** Opening Provided material block **

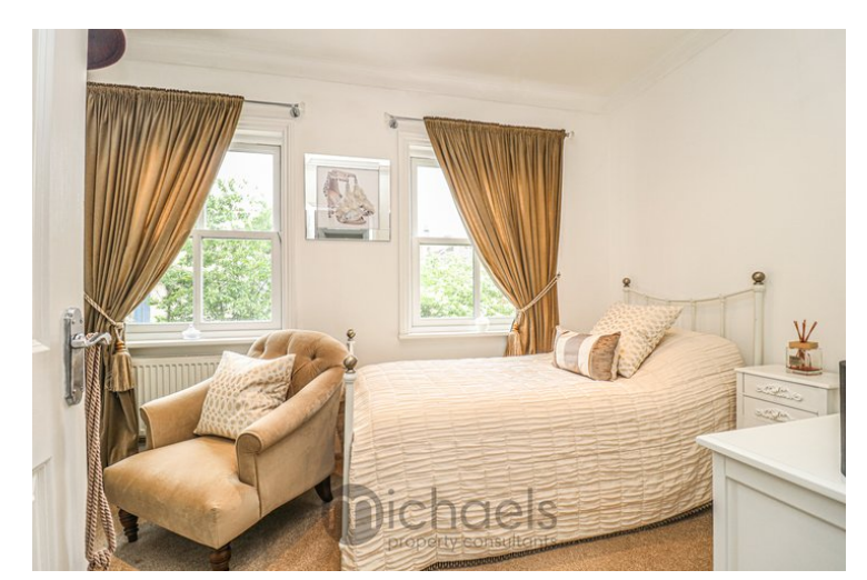
13'5" \times 8'1" (4.09m x 2.46m) With two double glazed windows to rear, radiator, fitted wardrobes.
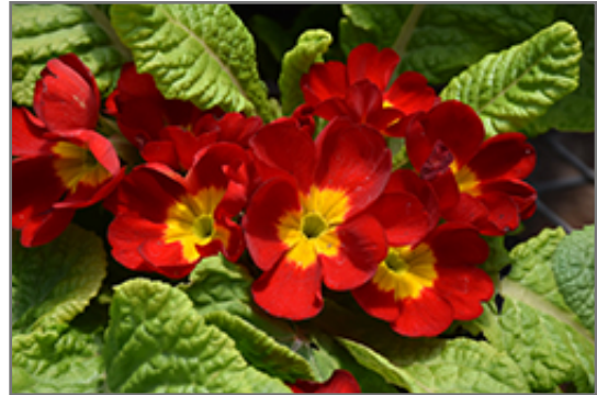
Danova Red Primrose flowers
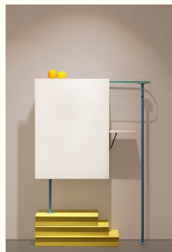
Andrea Branzi, Bar Milano , édition Alchimia, 1979 MADD Bordeaux collection

The MADD will be reopening in April 2026 after undergoing major modernisation work. Situated in the heart of Bordeaux, it is housed in what was a private mansion and an old prison, both listed buildings. Its collections reflect decorative art and design product in the Western world, with examples of tableware, furniture, weapons and also items representative of new uses. The MADD's aim is to promote the art and craft trades, know-how and design in all its forms, but it also tackles the main contemporary issues with a particular focus on eco-responsibility, inclusion and community engagement.

** Closing Provided material block **

What to produce =>
Copy out all lines above holding "Bordeaux".

The answer =>
Andrea Branzi, Bar Milano , édition Alchimia, 1979 MADD Bordeaux collection
The MADD will be reopening in April 2026 after undergoing major modernisation work. Situated in the heart of Bordeaux, it is housed in what was a private mansion and an old prison, both listed buildings. Its collections reflect decorative art and design product in the Western world, with examples of tableware, furniture, weapons and also items representative of new uses. The MADD's aim is to promote the art and craft trades, know-how and design in all its forms, but it also tackles the main contemporary issues with a particular focus on eco-responsibility, inclusion and community engagement.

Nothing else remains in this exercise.